Elodie* n’avait jamais eu de soucis avec son directeur. Jusqu’au mois d’avril dernier. Cette mère célibataire de 59 ans, qui travaille depuis 35 ans dans un grand groupe français, a refusé de signer son compte rendu d’entretien d’évaluation annuel qu’elle estimait être à charge. Son supérieur hiérarchique est alors devenu furieux. « Il ne m’a pas touché, mais il m’a fait très peur. Il y avait de la haine dans son regard. Je m’attendais même à ce qu’il me malmène », confie-t-elle au téléphone. Sous le choc, elle en a parlé à un médecin qui l’a arrêté une semaine.

Depuis son retour au travail, elle évite soigneusement de le croiser dans les couloirs de l’entreprise, lui qui ne s’est jamais excusé pour son attitude déplacée, pour ses menaces. « Il n’aurait pas réagi comme ça avec un homme, ça s’est certain », assure-t-elle. Pourtant, elle a préféré ne pas en parler à la direction des ressources humaines ou aux représentants syndicaux, de peur que la situation ne se retourne contre elle. Elodie sait que la direction va tout va faire pour la pousser à partir le plus rapidement possible à la retraite. Lui, se doute-t-elle, ne sera jamais puni.

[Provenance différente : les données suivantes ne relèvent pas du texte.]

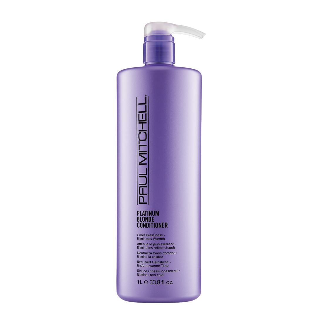 Keep blonde, highlighted, gray or white hair light, bright and conditioned with Platinum Blonde Conditioner from Paul Mitchell. This purple conditioner features a violet-tinted, color-enhancing formula to help cool brassy tones in natural blonde and color-treated hair while conditioning ingredients and extracts hydrate hair and intensify shine.
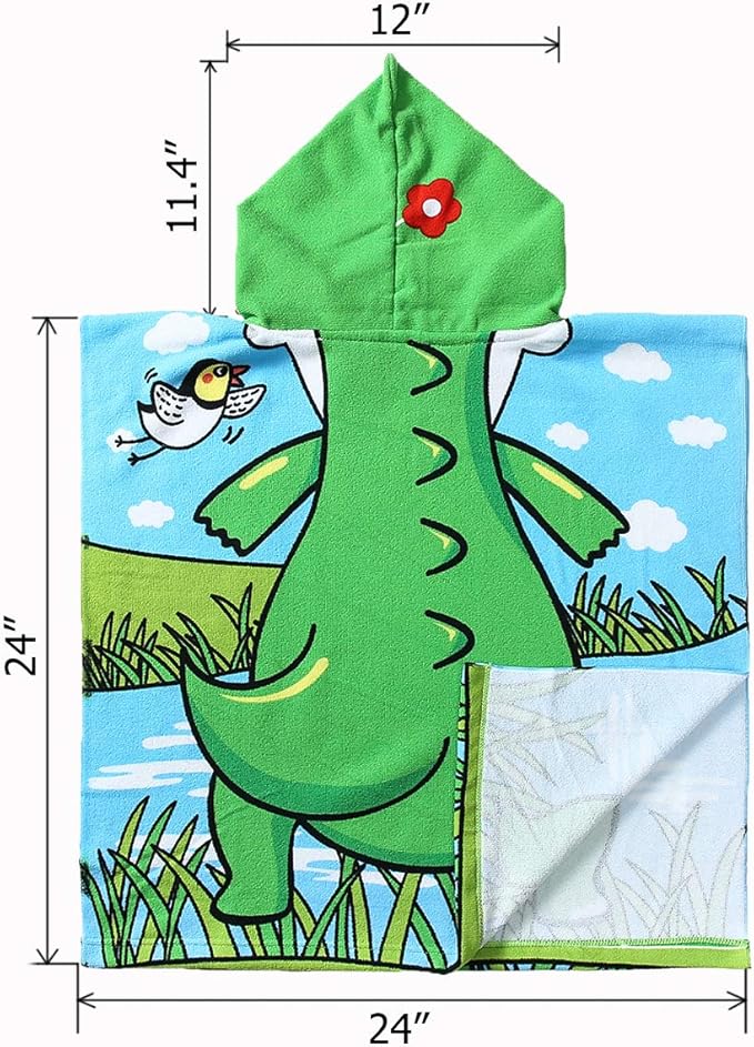 - SIZE: The kids hooded beach pool towel poncho measures 24"x24" in length with a 11.4x11.4" hood. This baby beach bath towels with hood is large enough for growing toddlers and kids(1-6 years old) or anyone under 50 inch girls boys and baby.

« Des tensions liées à la jalousie »

Des milliers d’autres femmes ont vécu la même situation. Selon une étude de l’ONDRP (Observatoire national de la délinquance et des réponses pénales), le nombre de femmes victimes de violences physiques sur leur lieu de travail a pratiquement doublé entre 2010 et 2016, passant de 25.000 à 48.000. Quant à celles qui ont fait l’objet de menaces, leur nombre a augmenté de 42,5 % sur la même période, passant de 167.000 à 238.000. Mais comment expliquer cette importante augmentation ?

« Les femmes exercent de plus en plus souvent des professions qui sont davantage exposées au public que celles des hommes. Il y a des lieux où les tensions sont plus importantes, parce que les gens s’énervent quand ils attendent trop par exemple », souligne Christophe Soullez, le directeur de l’Observatoire. Il remarque aussi que les femmes occupent de plus en plus, dans les entreprises, des postes à responsabilité, « ce qui peut générer des tensions liées à la jalousie ».

« Détérioration des conditions de vie dans les entreprises »

Jean-Pierre Durant, sociologue du travail et auteur du livre « La fabrique de l’homme nouveau »*, observe pour sa part « depuis une bonne vingtaine d’années, une détérioration des conditions de vie dans les entreprises, liée à l’introduction du travail en flux continue et la recherche de la réduction permanente des coûts ». Conséquence : « Ce n’est pas forcément les chefs qui sont violents avec les exécutants, mais des collègues qui font pression sur les plus faibles qui handicapent les résultats globaux. C’est d’abord une violence verbale, puis une violence physique. »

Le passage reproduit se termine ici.